Concurrent data structure

This is an old revision of this page, as edited by 84.108.77.32 (talk) at 14:38, 24 November 2009 (Design and Implementation). The present address (URL) is a permanent link to this revision, which may differ significantly from the current revision.

In computer science, a concurrent data structure is a particular way of storing and organizing data for access by multiple computing threads (or processes) on a computer.

Historically, such data structures were used on uniprocessor machines with operating systems that supported multiple computing threads (or processes). The term concurrency captured the multiplexing/interleaving of the threads' operations on the data by the operating system, even though the processors never issued two operations that accessed the data simultaneously.

Today, as multiprocessor computer architectures that provide parallelism become the dominant computing platform (through the proliferation of multi-core processors), the term has come to stand mainly for data structures that can be accessed by multiple threads which may actually access the data simultaneously because they run on different processors that communicate with one another. The concurrent data structure (sometimes also called a shared data structure) is usually considered to reside in an abstract storage environment called shared memory, though this memory may be physically implemented as either a "tightly coupled" or a distributed collection of storage modules.

Basic principles

Concurrent data structures, intended for use in parallel or distributed computing environments, differ from "sequential" data structures, intended for use on a uniprocessor machine, in several ways) [1]. Most notably, in a sequential environment one specifies the data structure's properties and checks that they are implemented correctly, by providing safety properties. In a concurrent environment, the specification must also describe liveness properties which an implementation must provide. Safety properties usually state that something bad never happens, while liveness properties state that something good keeps happening. These properties can be expressed, for example, using Linear Temporal Logic.
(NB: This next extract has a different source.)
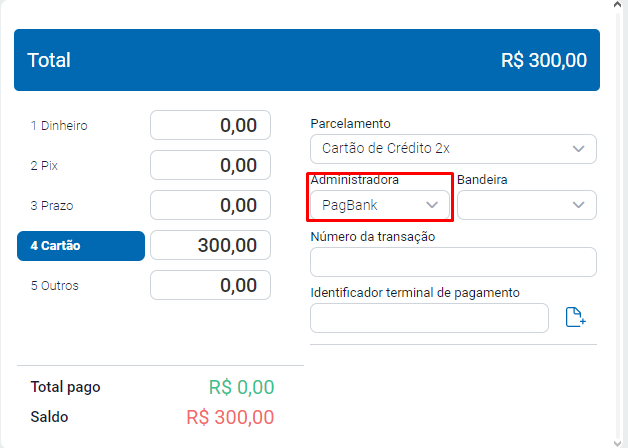 No campo de Integradora selecione PagBank e preencha o número de série do equipamento

The type of liveness requirements tend to define the data structure. The method calls can be blocking or non-blocking (see non-blocking synchronization). Data structures are not restricted to one type or the other, and can allow combinations where some method calls are blocking and others are non-blocking (examples can be found in the Java concurrency software library).

In order to guarantee the safety and liveness properties, concurrent data structures must typically (though not always) allow threads to reach consensus as to the results of their simultaneous data access and modification requests. To support such agreement, concurrent data structures are implemented using special primitive synchronization operations (see synchronization primitives) available on modern multiprocessor machines that allow multiple threads to reach consensus. There is a wide body of theory on the design of concurrent data structures (see bibliographical references).

Design and Implementation

Concurrent data structures are significantly more difficult to design and to verify as correct than their sequential counterparts.

The primary source of this additional difficulty is concurrency, exacerbated by the fact that threads must be thought of as being completely asynchronous: they are subject to operating system preemption, page faults, interrupts, and so on.

On today's machines, the layout of processors and memory, the layout of data in memory, the communication load on the various elements of the multiprocessor architecture all influence performance. Furthermore, there is a tension between correctness and performance: algorithmic enhancements that seek to improve performance often make it more difficult to design and verify a correct data structure implementation.

A key measure for performance is scalability, captured by the the speedup of the implementation. Speedup is a measure of how effectively the application is utilizing the machine it is running on. On a machine with P processors, the speedup is the ratio of the structures execution time on a single processor to its execution time on T processors. Ideally, we want linear speedup: we would like to achieve a speedup of P when using P processors. Data structures whose speedup grows with P are called scalable.

References

  1. ^ Mark Moir and Nir Shavit (2007). "Concurrent Data Structures". In Dinesh Metha and Sartaj Sahni (ed.). 'Handbook of Data Structures and Applications' (1st ed.). Chapman and Hall/CRC Press. pp. 47-14 – 47-30.
  • Nancy Lynch "Distributed Computing"
  • Hagit Attiya and Jennifer Welch "Distributed Computing: Fundamentals, Simulations And Advanced Topics, 2nd Ed"
  • Doug Lea, "Concurrent Programming in Java: Design Principles and Patterns"
  • Maurice Herlihy and Nir Shavit, "The Art of Multiprocessor Programming"
  • Mattson, Sanders, and Massingil "Patterns for Parallel Programming"